# EXERCISE INPUTS

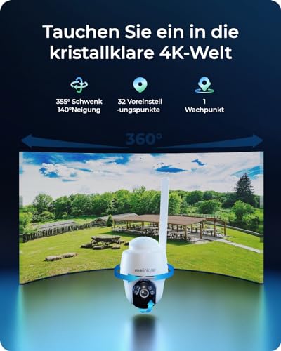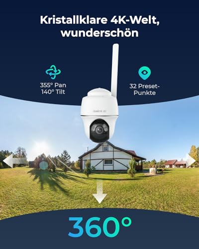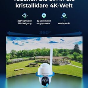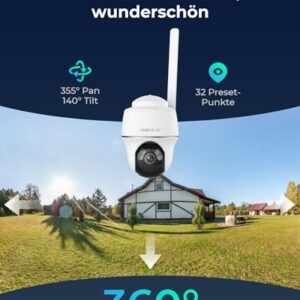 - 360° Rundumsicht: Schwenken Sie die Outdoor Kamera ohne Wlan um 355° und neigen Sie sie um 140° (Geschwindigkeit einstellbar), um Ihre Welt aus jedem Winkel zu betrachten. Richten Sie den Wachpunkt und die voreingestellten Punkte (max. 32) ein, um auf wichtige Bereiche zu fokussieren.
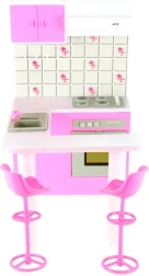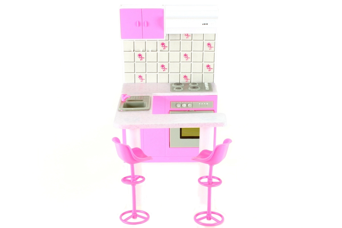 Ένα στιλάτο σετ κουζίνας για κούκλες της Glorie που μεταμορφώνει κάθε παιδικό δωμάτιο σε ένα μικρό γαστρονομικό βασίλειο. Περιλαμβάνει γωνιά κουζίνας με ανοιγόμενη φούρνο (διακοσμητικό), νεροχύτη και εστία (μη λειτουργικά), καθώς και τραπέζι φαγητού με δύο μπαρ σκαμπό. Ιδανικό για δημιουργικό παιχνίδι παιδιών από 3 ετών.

* * *

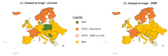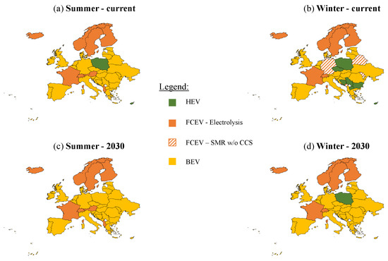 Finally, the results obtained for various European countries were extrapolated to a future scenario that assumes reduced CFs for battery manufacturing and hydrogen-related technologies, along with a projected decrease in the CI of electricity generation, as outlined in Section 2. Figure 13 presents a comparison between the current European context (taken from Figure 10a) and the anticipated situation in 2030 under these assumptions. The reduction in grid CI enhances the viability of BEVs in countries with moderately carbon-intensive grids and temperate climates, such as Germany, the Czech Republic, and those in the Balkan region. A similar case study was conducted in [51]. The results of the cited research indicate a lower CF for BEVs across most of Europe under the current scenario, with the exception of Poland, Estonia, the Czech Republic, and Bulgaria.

==

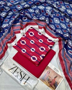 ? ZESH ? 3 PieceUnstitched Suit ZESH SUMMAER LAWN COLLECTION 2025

# EXERCISE DETAILS
Return exactly the lines of the material above, starting at the line containing "- 360° Rundumsicht: Schwenken" and finishing at the line containing "Ένα στιλάτο σετ", without any pictures.

# TASK OUTPUT
 - 360° Rundumsicht: Schwenken Sie die Outdoor Kamera ohne Wlan um 355° und neigen Sie sie um 140° (Geschwindigkeit einstellbar), um Ihre Welt aus jedem Winkel zu betrachten. Richten Sie den Wachpunkt und die voreingestellten Punkte (max. 32) ein, um auf wichtige Bereiche zu fokussieren.
 Ένα στιλάτο σετ κουζίνας για κούκλες της Glorie που μεταμορφώνει κάθε παιδικό δωμάτιο σε ένα μικρό γαστρονομικό βασίλειο. Περιλαμβάνει γωνιά κουζίνας με ανοιγόμενη φούρνο (διακοσμητικό), νεροχύτη και εστία (μη λειτουργικά), καθώς και τραπέζι φαγητού με δύο μπαρ σκαμπό. Ιδανικό για δημιουργικό παιχνίδι παιδιών από 3 ετών.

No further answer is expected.